In 2015, TerraPower signed an agreement with the Chinese government for the development of a 600-megawatt (MW) demonstration TWR by 2018-2022, with one or more commercial-scale plants of 1150 MW to follow sometime during the late 2020s. That agreement was canceled in January 2019, however, due to restrictions on nuclear technology transfer to China imposed by the Trump administration, according to Bill Gates.
Been there, done that
Geopolitics may have been an immediate reason for ending the experiment in China, but even under favorable circumstances, it is unlikely TerraPower would be able to come anywhere close to meeting its optimistic timeline or its cost estimates, mired as the design is in technical problems that have yet to be overcome. The sodium-based reactor system has been intensively studied since the late 1950s, because using sodium – actually a form of molten salt – as a coolant presents certain advantages; the material is an excellent heat exchanger, and a sodium-cooled reactor can run at low pressure, which simplifies the coolant system to some extent.

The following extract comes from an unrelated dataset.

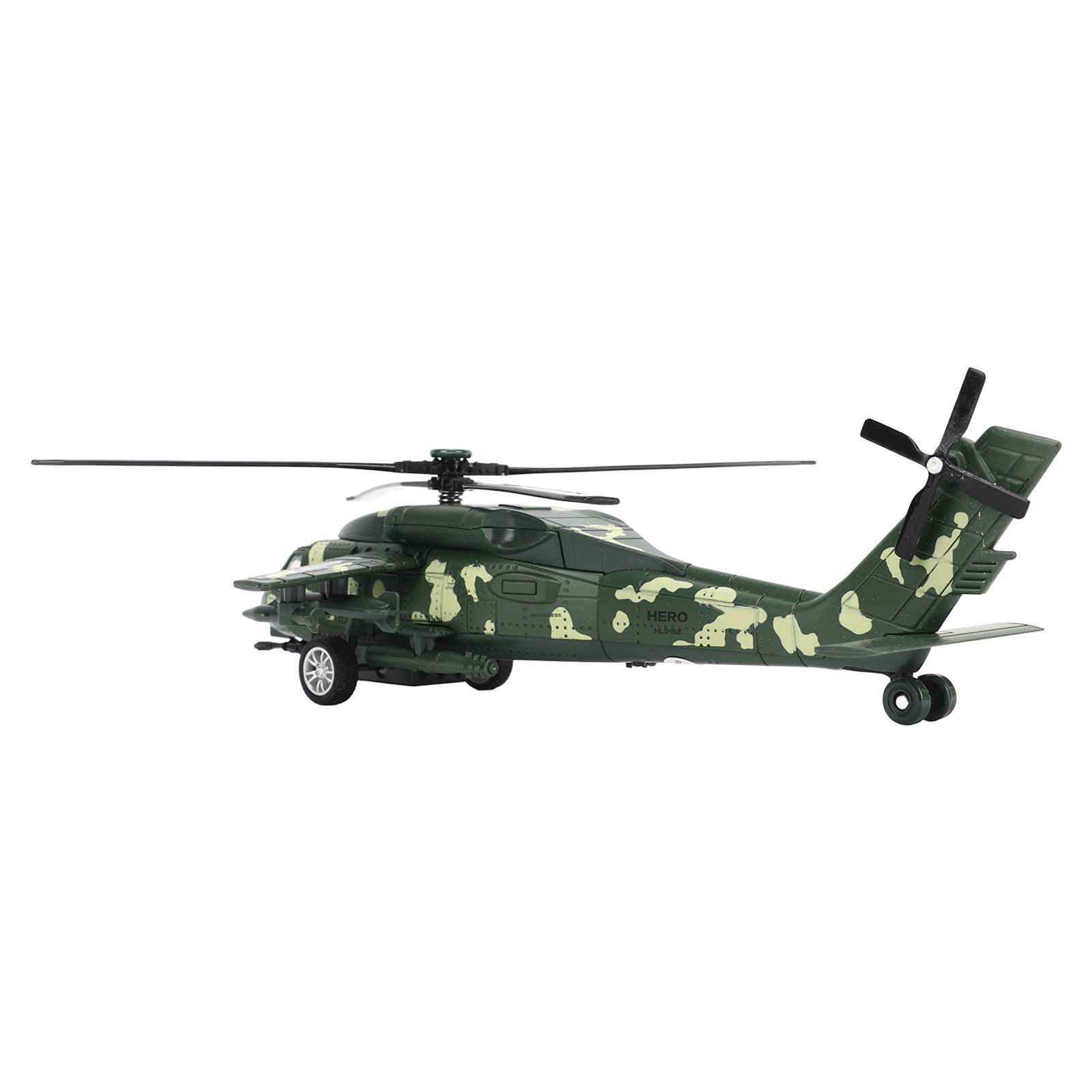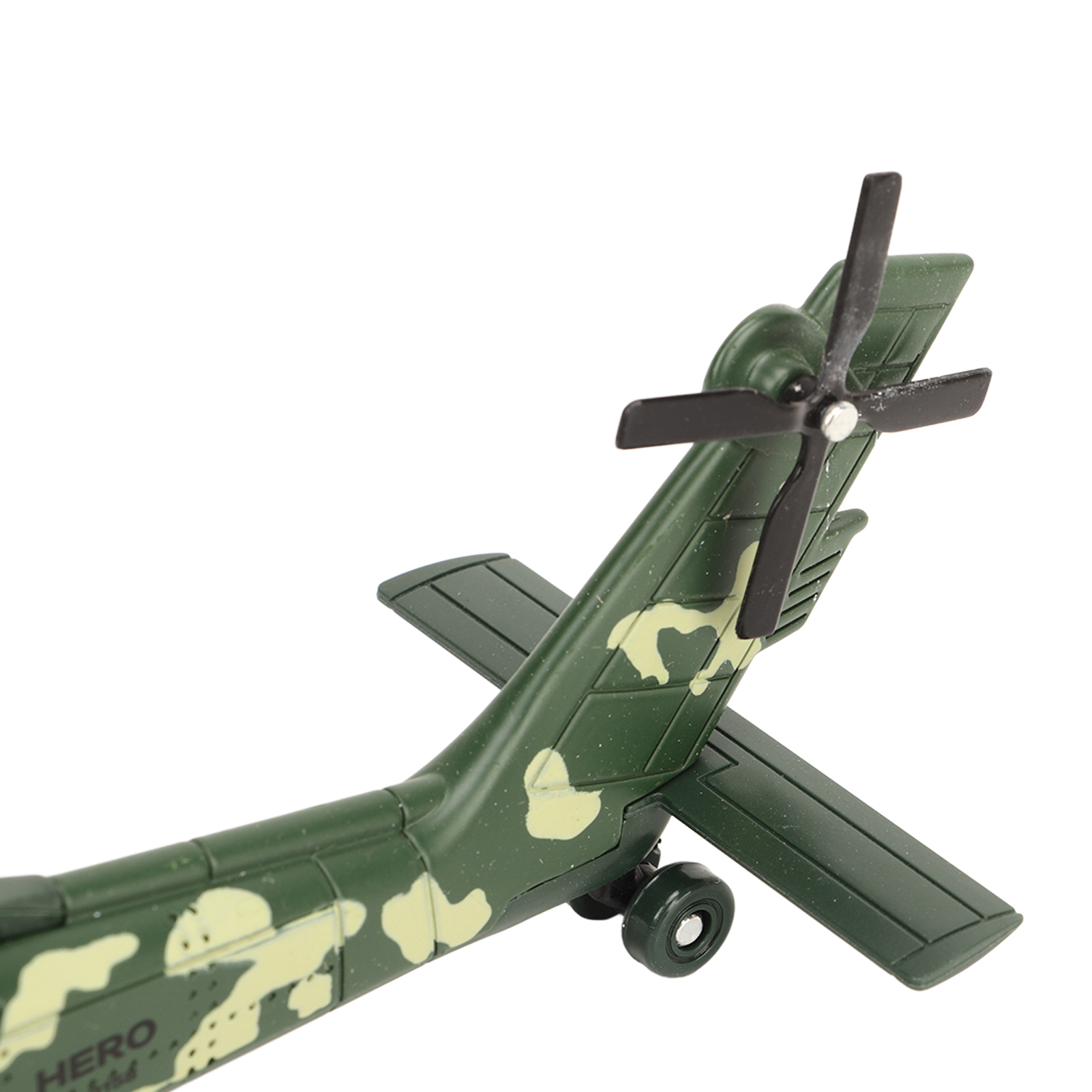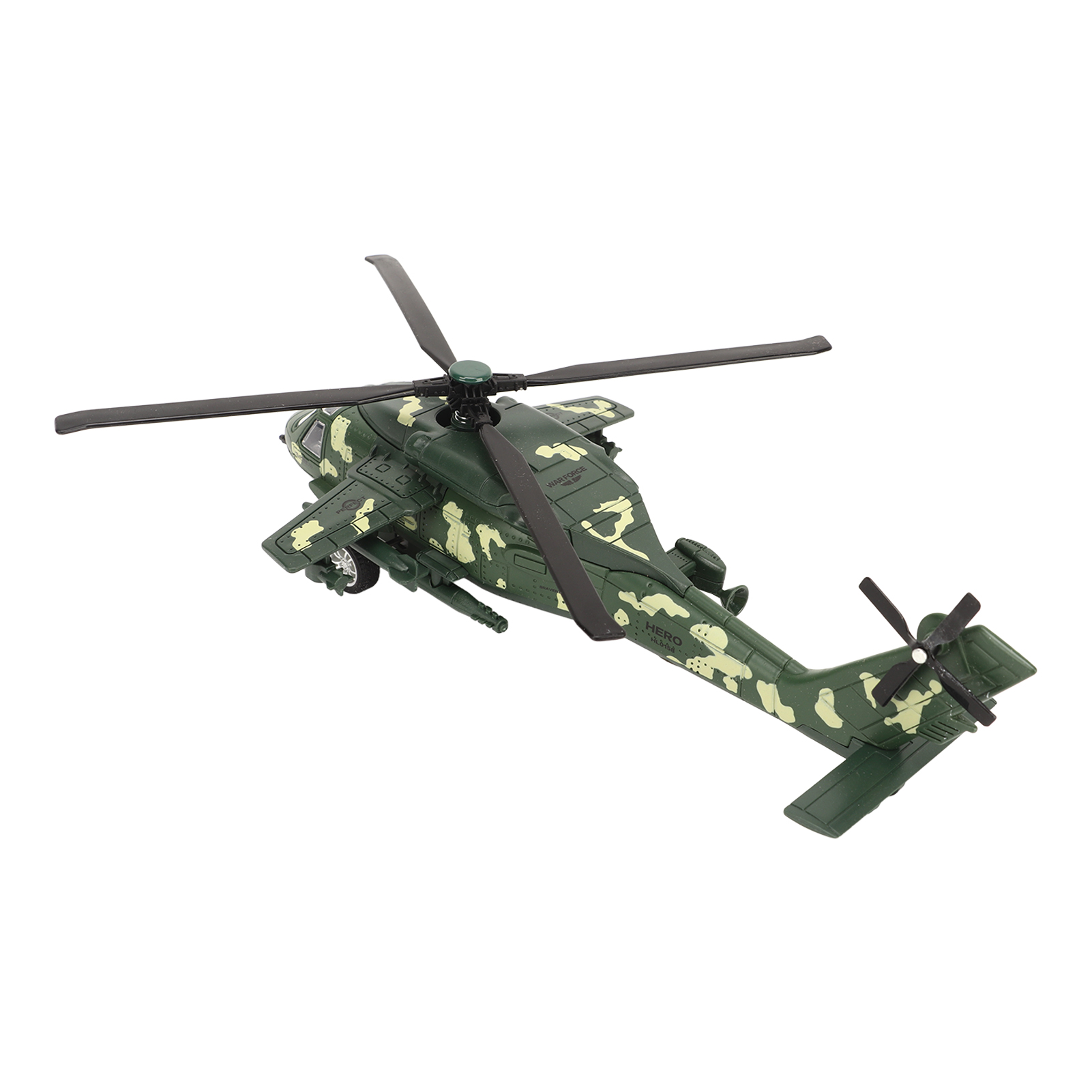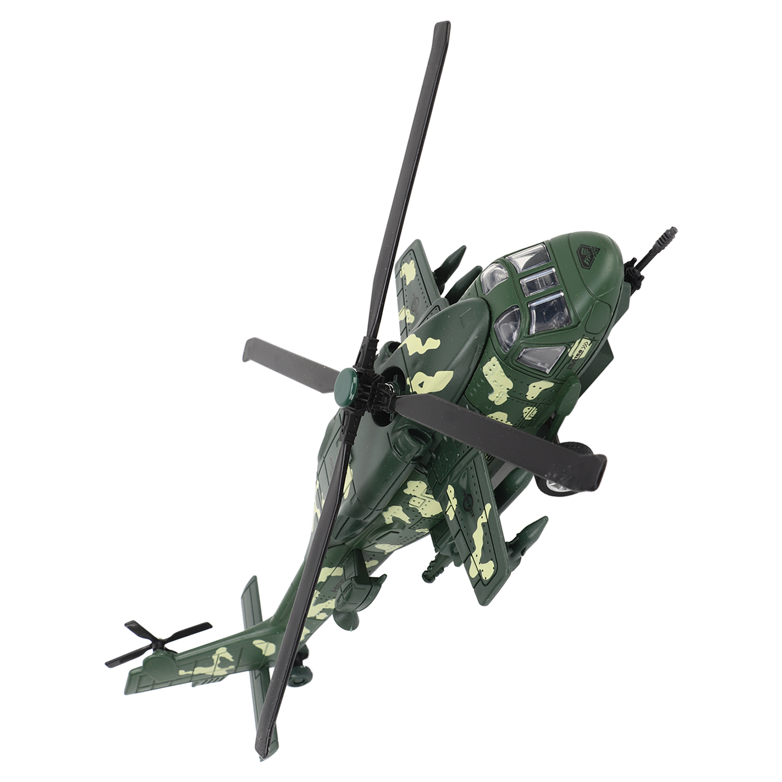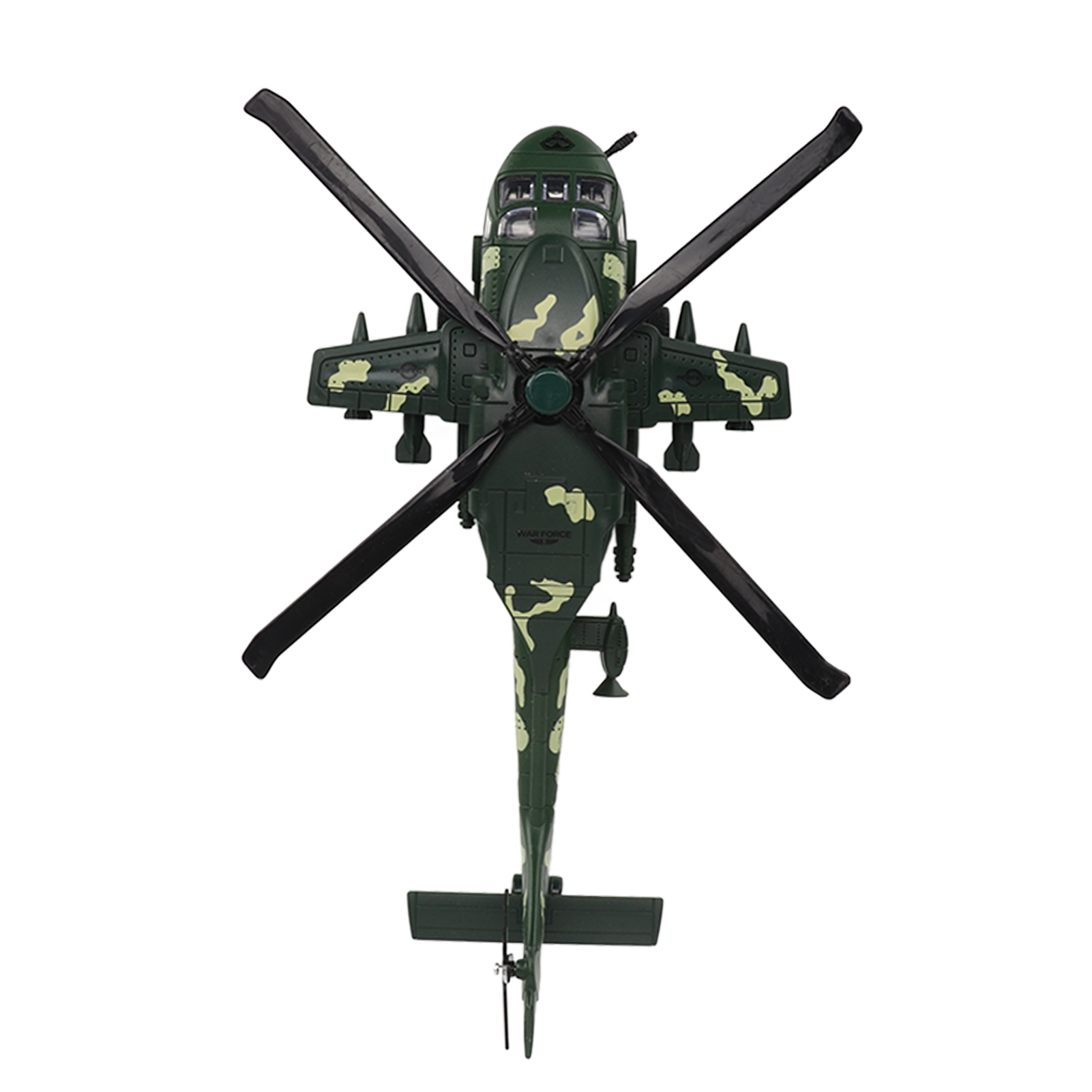 1、PULL BACK: Friction powered design, just pull it back and let it go forward naturally, which are perfect for boys and girls above 3 years old. 2、SOUND LIGHT: Diecast helicopter model will produce lights and sounds when you turn on the power button, which adding to the excitement of playtime. 3、FINE WORKMANSHIP: Complete with engraved lines, whether it is the wings, propeller, cockpit or tail, this helicopter model strives for a realistic look. 4、PERFECT GIFT: Fighter helicopter model can be used as a beautiful decoration for office and home. You can also give it as a gift to kids or model collectors. 5、ALLOY MATERIAL: Aircraft model is made of alloy material, which is not easy to rust, more colorful and solid, with a perfect metal texture.

However, the use of sodium requires exotic metals for components in the system due to being highly corrosive, and most sodium-cooled reactor systems have been balky and difficult to operate at commercial scale. The two most recent commercial sodium reactor attempts, France’s Superphenix reactor and Japan’s Monju facility, were both utter failures. The Superphenix ran at an average capacity factor of less than seven percent in 11 years of operation before being shut down in 1996. Monju, brought online in 1995, almost immediately suffered a sodium leak and fire and was shut down until May 2010; it managed to run for less than four months before suffering another accident and being shut down again in August 2010, and has not been restarted since.
In a review of a report by the non-profit Institute for Energy and Environmental Research (IEER), physicist M.V. Ramana of the Nuclear Futures Laboratory and Program on Science and Global Security at Princeton University, dismissed the TWR concept in its entirety. “Sodium cooled fast neutron reactors have been pursued by several countries around the world. The lesson from the many decades of such pursuit has been that these reactors are expensive, are prone to operational problems and sodium leaks, and are susceptible to severe accidents under some circumstances,” he wrote. “There is no evidence that the Traveling Wave Reactor will overcome any of these. It is not convincing even on paper.”Like most critics of the TWR idea, Ramana pointed out the obvious: The main selling point of the TWR, that it can make use of what has become an enormous stockpile of cheap fuel is a complete non-issue. Fuel, even if it is newly mined and processed uranium, represents less than two percent of the capital costs of a nuclear plant of any type. A TWR, if one is to be built, is unavoidably more expensive to fabricate than a conventional nuclear system of the same capacity due to the demands of the sodium cooled design. Therefore, any cost savings from the fuel would be greatly exceeded by other capital costs, even over a very long operational life, which so far, no sodium-based reactor has been able to demonstrate.